Task to carry out:
Nothing but a number is wanted here: the tally of lines in the material below that include "with".

Data supplied:
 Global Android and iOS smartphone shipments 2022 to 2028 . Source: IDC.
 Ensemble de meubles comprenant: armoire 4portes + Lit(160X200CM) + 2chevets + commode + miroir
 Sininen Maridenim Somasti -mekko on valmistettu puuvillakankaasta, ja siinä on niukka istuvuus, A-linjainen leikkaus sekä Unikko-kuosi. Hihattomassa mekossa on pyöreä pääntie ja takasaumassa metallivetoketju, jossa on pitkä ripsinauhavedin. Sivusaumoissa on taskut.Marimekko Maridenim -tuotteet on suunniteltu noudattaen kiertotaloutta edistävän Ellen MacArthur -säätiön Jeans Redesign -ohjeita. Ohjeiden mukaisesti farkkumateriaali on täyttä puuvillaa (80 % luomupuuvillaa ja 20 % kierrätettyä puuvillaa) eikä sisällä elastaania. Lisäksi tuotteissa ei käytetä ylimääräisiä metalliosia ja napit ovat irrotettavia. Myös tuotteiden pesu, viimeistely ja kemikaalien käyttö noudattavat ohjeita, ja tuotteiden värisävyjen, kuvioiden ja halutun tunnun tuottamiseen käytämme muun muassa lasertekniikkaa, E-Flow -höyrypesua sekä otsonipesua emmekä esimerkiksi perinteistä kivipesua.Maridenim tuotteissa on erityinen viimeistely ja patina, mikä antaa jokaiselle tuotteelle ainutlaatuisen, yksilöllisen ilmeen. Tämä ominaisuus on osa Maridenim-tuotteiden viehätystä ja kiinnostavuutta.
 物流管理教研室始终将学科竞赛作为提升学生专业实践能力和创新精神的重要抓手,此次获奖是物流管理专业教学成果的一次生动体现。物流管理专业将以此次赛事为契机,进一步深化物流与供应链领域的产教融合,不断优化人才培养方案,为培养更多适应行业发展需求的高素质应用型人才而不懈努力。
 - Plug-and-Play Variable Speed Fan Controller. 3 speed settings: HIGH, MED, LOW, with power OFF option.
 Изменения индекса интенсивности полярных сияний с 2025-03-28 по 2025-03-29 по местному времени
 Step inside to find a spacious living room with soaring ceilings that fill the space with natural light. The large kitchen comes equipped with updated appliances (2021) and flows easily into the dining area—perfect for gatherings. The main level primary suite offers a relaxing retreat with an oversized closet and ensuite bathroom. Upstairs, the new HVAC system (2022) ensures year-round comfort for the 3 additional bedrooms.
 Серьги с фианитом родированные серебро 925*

Solution to the exercise:
2